• What is required
Below, locate the line that contains "Como un tributo". Repeat exactly from that line to the line that contains "Addurn Nadolig Ffelt", inclusive, leaving out the pictures.

• Input records
■ ■ ■ ■ ■ ■ ■

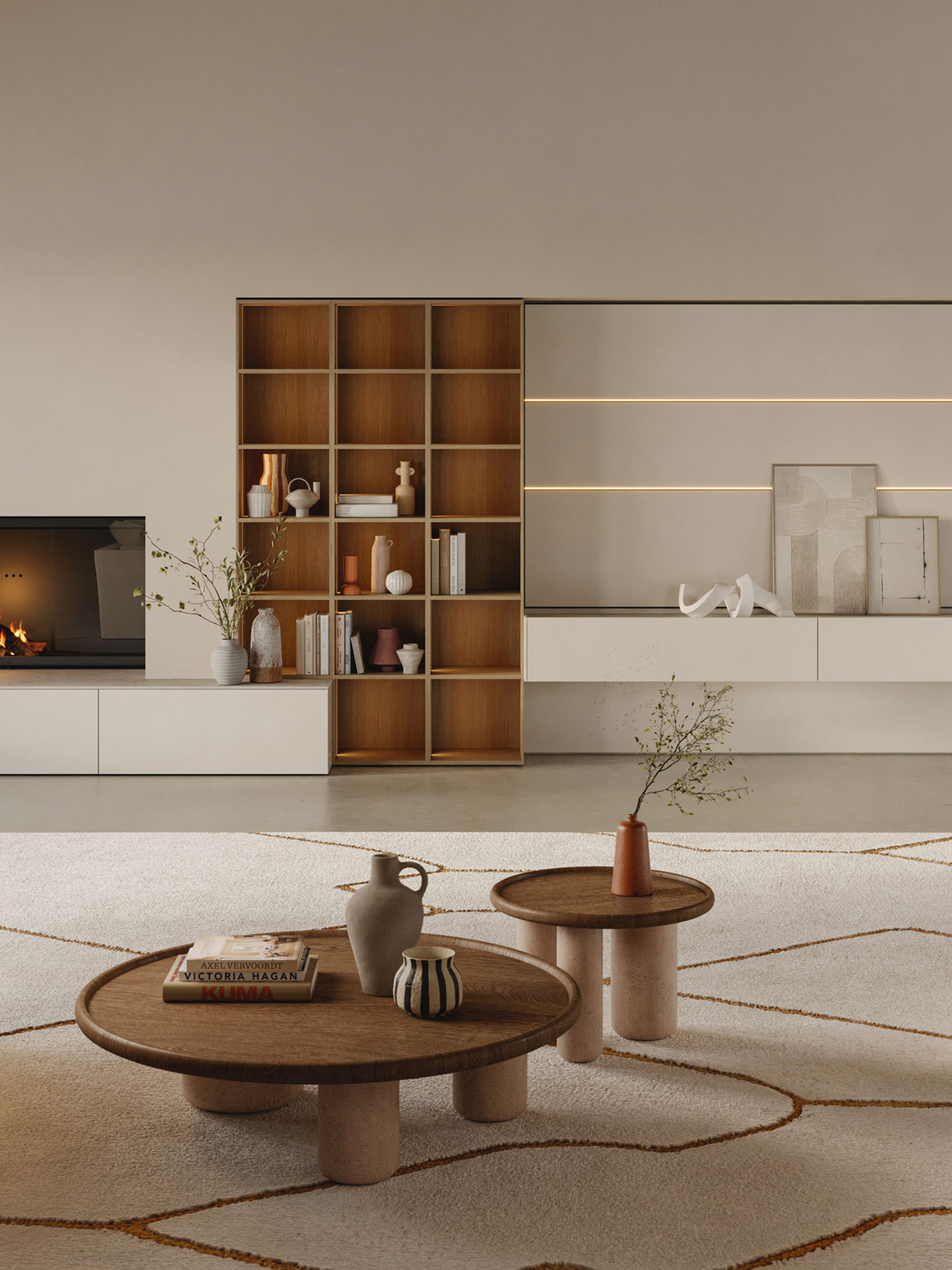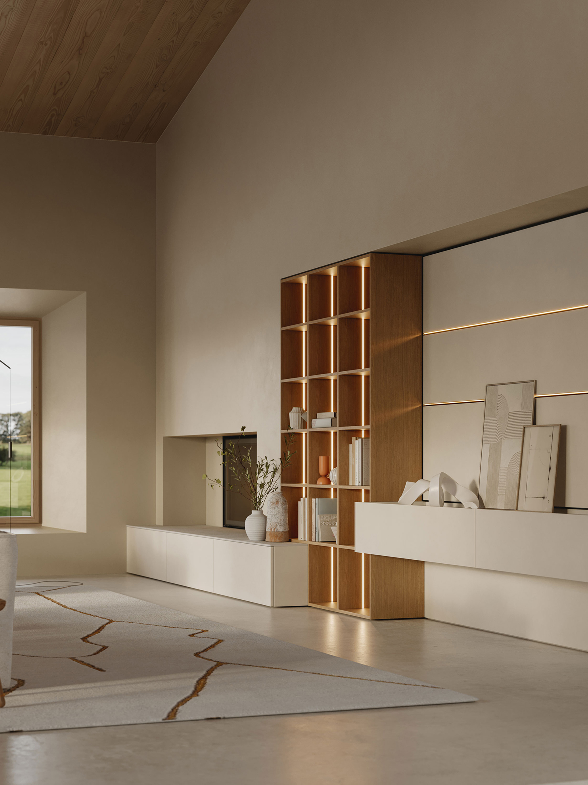 Le vetrine Rialto, in vetro fumé e fusto in tech materic Rovere Caramello, dialogano con la boiserie Segno in tech natural Magnolia.
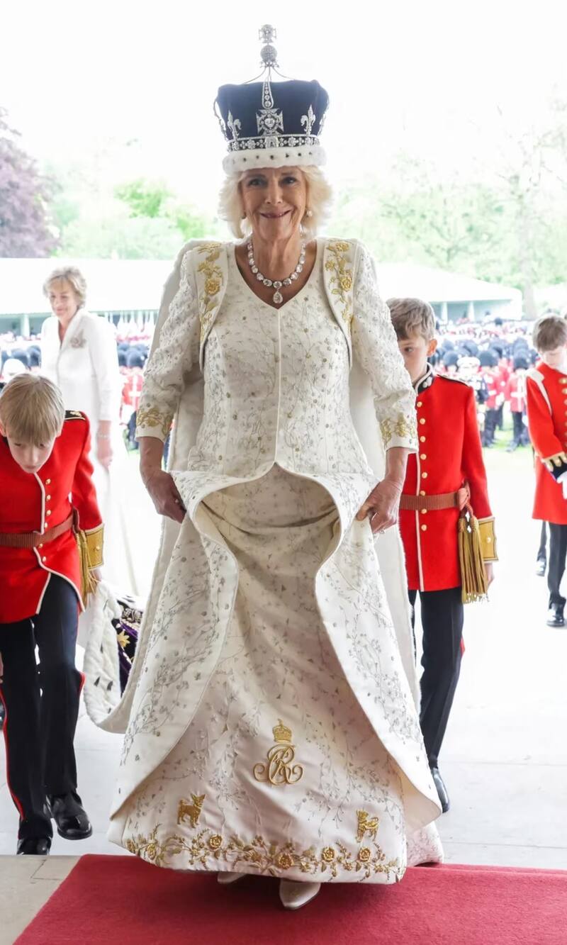 Como un tributo especial a sus hijos y nietos, la Reina Camilla hizo bordar sus nombres en la parte inferior de su vestido de Coronación.
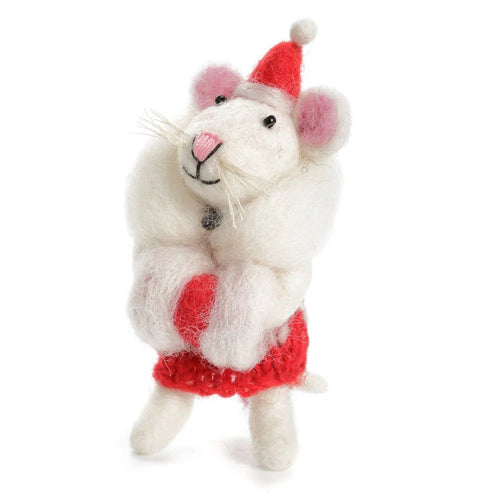 Addurn Nadolig Ffelt - Llygoden | Christmas Felt Decoration - Mouse with Muff
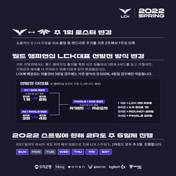 스프링 시즌에 한해 경기 일정이 조정된다. 정규 리그 2라운드까지 주 5일 운영된다. 경기 일정은 수요일부터 일요일까지다. 따라서 10주 동안 진행됐던 정규 리그는 스프링 시즌만 9주로 단축 진행된다. 이밖에 포스트시즌과 결승까지 일정도 조정될 것으로 전망된다.
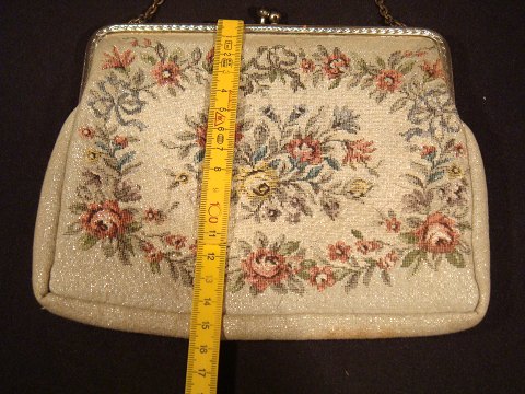 Gammel Selskabs taske bredde: 20 cm højde:16 cm Håndsyet med roser

■ ■ ■ ■ ■ ■ ■

• Answer section
 Como un tributo especial a sus hijos y nietos, la Reina Camilla hizo bordar sus nombres en la parte inferior de su vestido de Coronación.
 Addurn Nadolig Ffelt - Llygoden | Christmas Felt Decoration - Mouse with Muff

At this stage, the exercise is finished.